Surgery with the goal of removing the primary tumor and achieving negative tumor margins is the primary therapeutic approach for minimizing risk of recurrence and increasing survival of patients with early-stage breast cancer. Chemotherapy before surgery, or neoadjuvant chemotherapy, helps convert large, unresectable tumors to resectable tumors [2, 3]. In addition, neoadjuvant therapies can shrink operable tumors, allowing breast-conserving surgery to be performed instead of mastectomy [2, 3]. Regional disease may also be decreased with the use of sentinel lymph node biopsy, potentially reducing the need for axillary lymph node dissection [4].

In addition to treatment benefits, neoadjuvant studies provide valuable tissue samples for biomarker evaluation. Because loco-regional responses to neoadjuvant therapies correlate with long-term outcomes, neoadjuvant therapies also offer unique opportunities for early prediction of responses and individualization of treatment.

Using pathologic complete response (pCR) and residual cancer burden (RCB) as endpoints in neoadjuvant studies

The US Food and Drug Administration (FDA) supports pCR as an endpoint for evaluating new neoadjuvant agents for high-risk, early-stage breast cancer [5, 6]. pCR is defined by the FDA as the “absence of residual invasive cancer in the complete resected breast specimen and all sampled regional lymph nodes following completion of neoadjuvant systemic therapy (i.e., ypT0/Tis ypN0 in the current AJCC staging system)” or “absence of the residual invasive and in situ cancers in the complete resected breast specimen and all sampled regional lymph nodes following completion of neoadjuvant systemic therapy (i.e., ypT0ypN0)” [6]. In a large FDA-led meta-analysis, pCR defined as ypT0/isypN0 or ypT0ypN0 was more closely associated with improved survival compared with ypT0/is (defined as absence of invasive cancer in the breast irrespective of ductal carcinoma in situ or nodal involvement) [3, 5]. It is important to note that, according to the FDA, “high risk” specifically refers to “patients with early-stage breast cancer who have a high risk of distant disease recurrence and death despite use of optimal modern local and systemic adjuvant therapy” [6]. Inclusion of patients with low-grade, hormone receptor (HR)-positive tumors in neoadjuvant breast cancer trials using pCR as an endpoint is not recommended by the FDA; these patients generally have better long-term outcomes compared with patients with high-risk disease.

RCB also measures response to neoadjuvant agents [7]. RCB was initially devised to address the oversimplified dichotomized pCR data and is derived from the dimensions of the primary tumor, cellularity of the tumor bed, and axillary node burden. Although RCB is not routinely assessed in clinical trials, this measurement was used in some of the studies reviewed here.

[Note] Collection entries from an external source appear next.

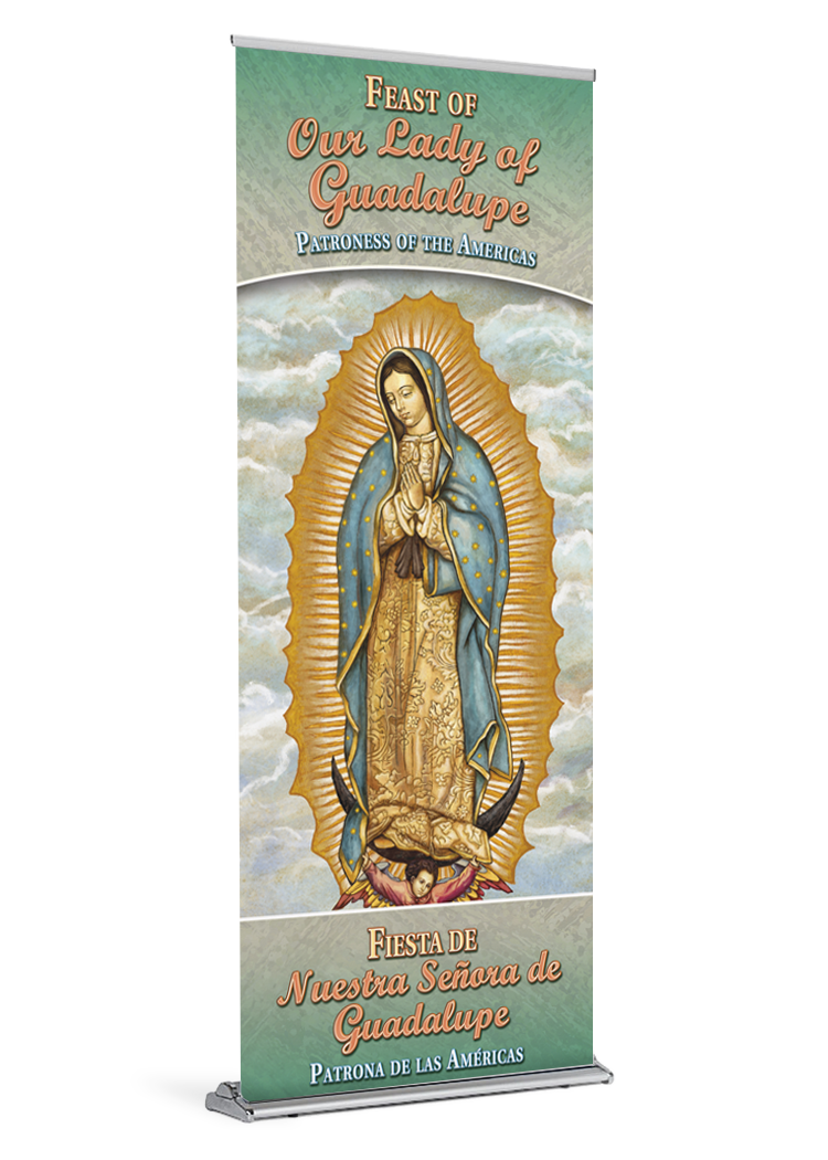 If you ordered a banner with your stand the banner will come installed and ready be displayed. All you need to do is insert the pole and pull the banner up. If your parish already owns a stand, your banner will arrive with a bottom rail that is quick and easy to slide into your stand.
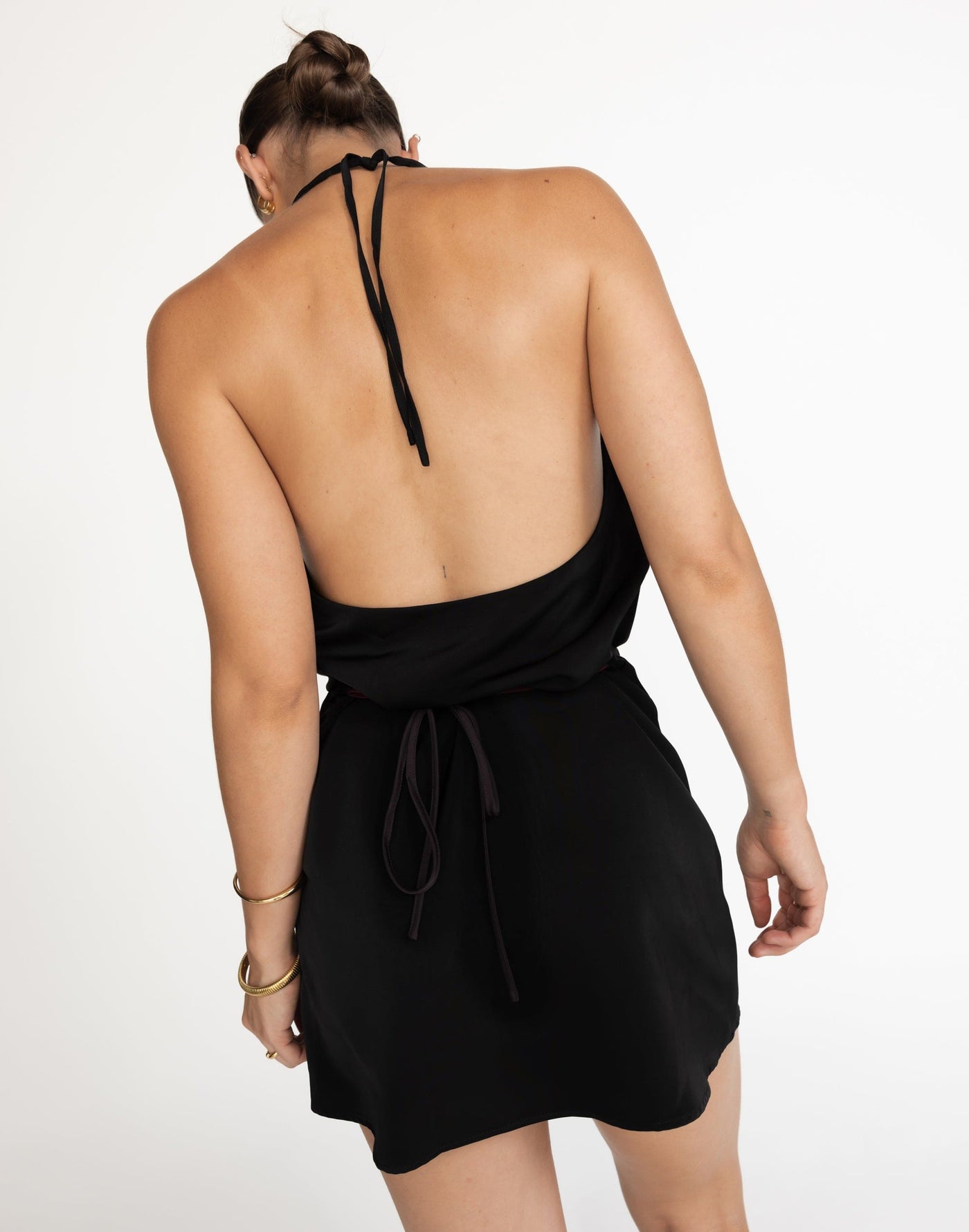 CABARET MINI DRESS (BLACK) - CHARCOAL EXCLUSIVE Introducing the Cabaret Mini Dress, a stunning black mini designed for a chic, flattering fit. Featuring a halter tie-up neck and plunging V-neckline, it creates a bold yet elegant silhouette. The crossover bust detail and low open back add a touch of drama, while the flared skirt brings movement and flow. With an adjustable waist tie and a pull-over style, this dress offers a loose, customizable fit. Fully lined and crafted from delicate fibres, the Cabaret Mini Dress is perfect for making a statement at any occasion.
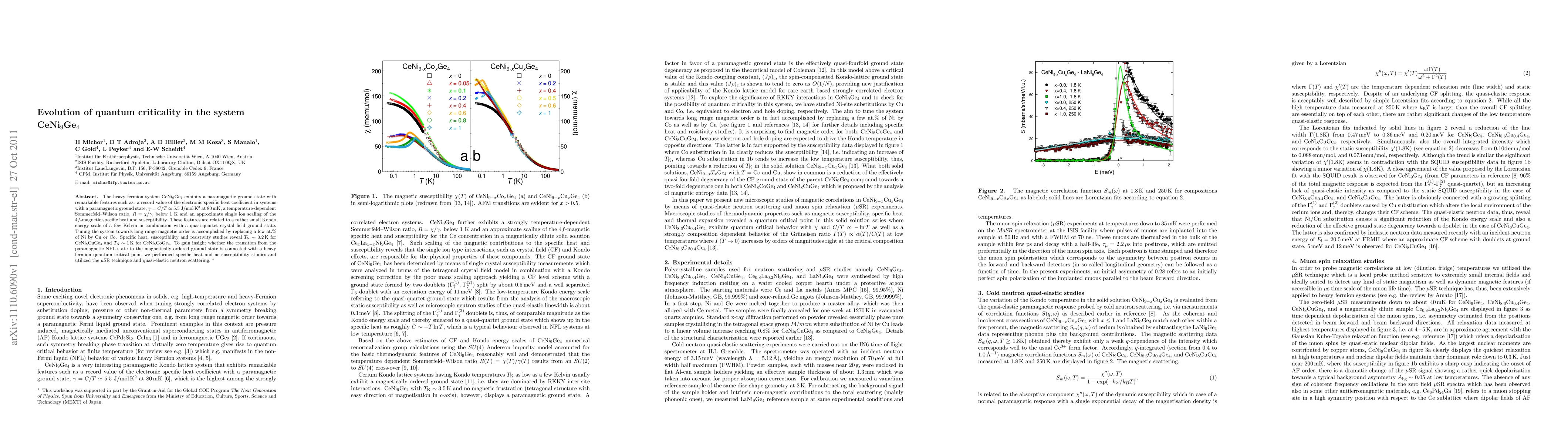The heavy fermion system CeNi9Ge4 exhibits a paramagnetic ground state with remarkable features such as: a record value of the electronic specific heat coefficient in systems with a paramagnetic ground state, \gamma = C/T \simeq 5.5 J/molK^2 at 80 mK, a temperature-dependent Sommerfeld-Wilson ratio, R=\chi/\gamma, below 1 K and an approximate single ion scaling of the 4f-magnetic specific heat and susceptibility. These features are related to a rather small Kondo energy scale of a few Kelvin in combination with a quasi-quartet crystal field ground state. Tuning the system towards long range magnetic order is accomplished by replacing a few at.% of Ni by Cu or Co. Specific heat, susceptibility and resistivity studies reveal T_N \sim 0.2 K for CeNi8CuGe4 and T_N \sim 1 K for CeNi8CoGe4. To gain insight whether the transition from the paramagnetic NFL state to the magnetically ordered ground state is connected with a heavy fermion quantum critical point we performed specific heat and ac susceptibility studies and utilized the \mu SR technique and quasi-elastic neutron scattering.

Chemotherapy in the neoadjuvant setting

Neoadjuvant versus adjuvant treatment with doxorubicin and cyclophosphamide (AC) was first compared in operable breast cancer in NSABP B-18 [8]. No significant differences in overall survival (OS; 55 % for both groups; P = 0.90) or disease-free survival (DFS; 42 vs 39 %; P = 0.27) were found after 16 years of follow-up. However, neoadjuvant AC reduced node-positive disease, with a significantly increased percentage of negative axillary nodes (58 vs 42 %; P < 0.0001) and increased frequency of breast-conserving surgery (68 vs 60 %; P = 0.001) [8]. EORTC trial 10902 also found no differences in 10-year OS (64 vs 66 %; hazard ratio [HR] = 1.09; 95 % CI 0.83–1.42; P = 0.54) or DFS (48 vs 50 %; HR = 1.12; 95 % CI 0.90–1.39; P = 0.30) after preoperative vs postoperative chemotherapy (fluorouracil, epirubicin, and cyclophosphamide [FEC]) [9]. However, as reported by the phase III European Cooperative Trial in Operable Breast Cancer (ECTO), neoadjuvant vs adjuvant paclitaxelplus doxorubicin, followed by cyclophosphamide, methotrexate, and fluorouracil (AT → CMF) significantly increased the incidence of lumpectomy (63 vs 34 %; P < 0.001) despite no change in OS (HR = 1.10; P = 0.60) [10].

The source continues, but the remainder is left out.